The expedited implementation is quite straightforward:
1 #ifdef CONFIG_TREE_RCU 2 3 void synchronize_rcu_expedited(void) 4 { 5 synchronize_sched_expedited(); 6 } 7 8 #endif 9 10 static inline void synchronize_rcu_bh_expedited(void) 11 { 12 synchronize_sched_expedited(); 13 }
The synchronize_sched_expedited()
function directly
implements expedited grace periods for RCU-sched,
and for CONFIG_TREE_PREEMPT_RCU
,
synchronize_rcu_expedited()
directly implements expedited
grace periods for preemptible RCU.
Because any RCU-sched grace period is also an RCU-bh grace period,
synchronize_rcu_bh_expedited()
is a trivial wrapper
for synchronize_sched_expedited()
.
Quick Quiz 5:
Why is any grace period for RCU-sched also a grace period for RCU-bh?
Answer
This work represents the view of the author and does not necessarily represent the view of IBM.

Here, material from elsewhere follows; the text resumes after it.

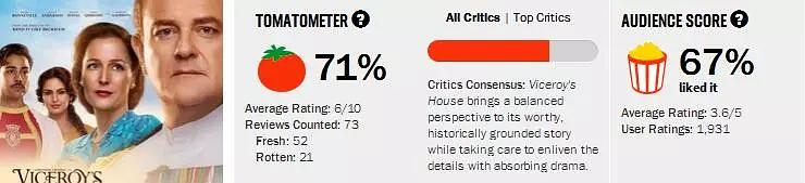 “历史是由胜利者写的,”在总督府的开头写道。这个故事并不是一个完全浮现在脑海中的想法,关于一个贬低和消失的英国帝国离开印度的分离计划。当然,英国人没有表现出羞辱的失败,因为他们在开幕式上站在仪式上,陶醉于英国直接统治的宏伟壮观,这里是新德里的一个巨大的豪宅,有数百名本土的印第安人,他们被囚禁英国官员周围,好像这是拉吉的高度。nn众多工作人员在主持国家独立和正在进行的分区谈判时,为印度最新和最后一位总督路易斯·蒙巴顿勋爵(Hugh Bonneville)的到来举行了全面仪式。影片将重点放在蒙巴顿的会议和谈判中,印度工人的来往必须在总督府(现在的Rashtrapati Bhawan)的广阔内部和同样拜占庭式的社会和宗教阶层中进行,这些阶层使他们劳动的看似一致性变得复杂化角色。随着国家紧张局势的加剧,这些差异变得越来越明显,造成厨师和男仆之间的分裂,使他们的西方监督者感到困惑和恐惧。nn然而,在大多数情况下,牵制印度的外部宗教斗争体现在两位仆人之间的罗密欧和朱丽叶叙事中,即印度教的Jeet(Manish Dayal)和穆斯林Aalia(Huma Querishi)。他们的恋情主要包括偷偷摸摸的目光和简短而紧张的谈话,从不升级为激情。n 因为Jeet和Aalia从来没有带着任何紧迫感聚集在一起,所以当印度的分裂威胁要将它们撕裂时,它们不会产生任何悬念或悲剧。nnn事实上,蒙巴顿比电影的印度人物更加阴影。邦纳维尔将总督描绘为一个富豪而自由主义的人,由于英国人不再控制这个国家,他们代表了对印度文化迟来的兴趣。然而,蒙巴顿平静的好奇只会进一步标志着他作为一个局外人,因为这个国家在总督府的维持秩序之外崩溃了,他对有序过渡的无能为力只会让他对他的同事和印第安人都是天真的。nn蒙巴顿的无用为Viceroy's House提供了根植于殖民主义的自由主义空洞细节的潜在主题,但这部电影采取了一种奇怪的叙事转变,使得该官员本身成为英国计划的受害者。正如剧本(Paul Mayeda Berges,Moira Buffini和Chada)所说的那样,Mountbatten关于更温和,更和平的分区的想法被丘吉尔的阴谋愚弄,他设计了一个计划,将未来的巴基斯坦国家用作缓冲区反对苏联。nnn在这里提供的历史版本中,蒙巴顿和他的助手只不过是伊斯梅勋爵(迈克尔·甘本)的典当,他是一位专横的贵族,他无情地无视总督关于如何划分国家的委托研究,而是绘制了一个最有利于边界的边界。nnn皇冠。蒙巴顿只是让丘吉尔转移了对该计划的责任,该计划重新定位了帝国操纵的最后一击不是在印度周围而是在总督的影响。这有效地摒弃了蒙巴顿不幸的愚蠢行为本能,完全不熟悉他暂时统治的地区的地理和文化,这与电影最初的,更为尖锐的方程式相差甚远,这个方程式与男人的善意和遗忘有关。nnn影片中唯一能够抵消这种自我否定的修正主义的是涉及总督夫人埃德温娜·蒙巴顿夫人(吉莉安安德森饰)的场景。Edwina放大了她丈夫的自由化倾向,带着光顾的微笑和指示将更多的印度文化融入豪宅,并邀请更多的本土客人参加官方活动,到达总督家。她甚至在现场开枪监督公开种族主义。她认为这项改革是一种尊重的姿态,但是仆人们只把它视为一种秩序,而这部电影的最佳场景让Edwina坚持不懈地反对他们的私人投诉。例如,当她告诉厨师做更多的印度菜时,他只能抱怨他一生都要训练西餐,现在才被告知做别的事情。nn安德森将Edwina描绘为真诚和聪明,但仍然能够看起来很愚蠢,带着副手的实践面容,只能加强她从房子墙壁后面体验“真正的”印度的想法的荒谬。Edwina比她的丈夫更渴望得到污垢并与人们见面,它提供了电影最有见地的一瞥改革和尊重的终极限制,在这种制度下,一个国家可以决定另一个国家的政策甚至边界。nn

Linux is a registered trademark of Linus Torvalds.
Other company, product, and service names may be trademarks or service marks of others.

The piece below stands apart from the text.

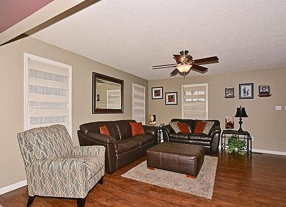 Welcome to this tastefully updated 2 story w/4beds, 3.5 baths, WALKOUT Lower Level & HUGE fenced-in backyard. Beautiful dark wood look flooring welcomes you into the living room w/extra windows letting in natural light and leading into the breakfast room w/bar & kitchen. The kitchen features raised panel cabinets w/crown molding, gas range, colorful back splash & added pantry cabinet. 3 season room just off the breakfast room offers another great main floor area which leads to the deck, aggregate patio & pool! Upstairs has convenient laundry room. The vaulted master suite has a private bath w/separate tub & shower. 3 other bedrooms are ample size w/2 rooms featuring walk-in closets. The L-shaped finished lower level has full bath and walkout to covered aggregate patio. This home sites on one of the largest lots in ALL of Stone Meadows, and backs to Timberland practice fields. Subdivision features walk trails, pool and great access to Hwys 40 & 70. Plus, convenient location to school.

Quick Quiz 1: Why not implement the expedited APIs in terms of callbacks as well?
Answer: Suppose that an expedited API is called just after a grace period has started. If normal callbacks were to be used, it would be necessary to wait for the remainder of the just-started grace period and then to wait for a grace period after that. This is not what we mean by “expedited”. By handling expedited requests separately, we can avoid waiting for such additional partial grace periods.
Quick Quiz 2:
But wait_rcu_gp()
is also used by
CONFIG_TINY_RCU
and CONFIG_TINY_PREEMPT_RCU
,
but not for things like synchronize_rcu()
.
What gives?
Answer: This function is used by TINY_RCU for the barrier primitives. Same code, different environment, different use case. Some times you get lucky!
Quick Quiz 3:
What if the CPU is executing within an RCU read-side critical section
when it invokes rcu_blocking_is_gp()
?
Answer: That would be illegal. The synchronous grace-period primitives may only be invoked from outside of an RCU read-side critical section.
Quick Quiz 4:
Why not make a single kfree_rcu()
function that
does the work of both kfree_rcu()
and
__kfree_rcu()
?
Answer:
The separate kfree_rcu()
macro is required because the
C language does not permit struct fields to be passed to functions.
It is possible to combine them, but only as a big ugly macro.
By comparison, the current two-line macro and static inline function
seem preferable.
Quick Quiz 5: Why is any grace period for RCU-sched also a grace period for RCU-bh?
Answer: Because RCU-sched's quiescent states are a subset of those for RCU-bh. Therefore, any set of quiescent states satisfying RCU-sched must by definition also satisfy RCU-bh.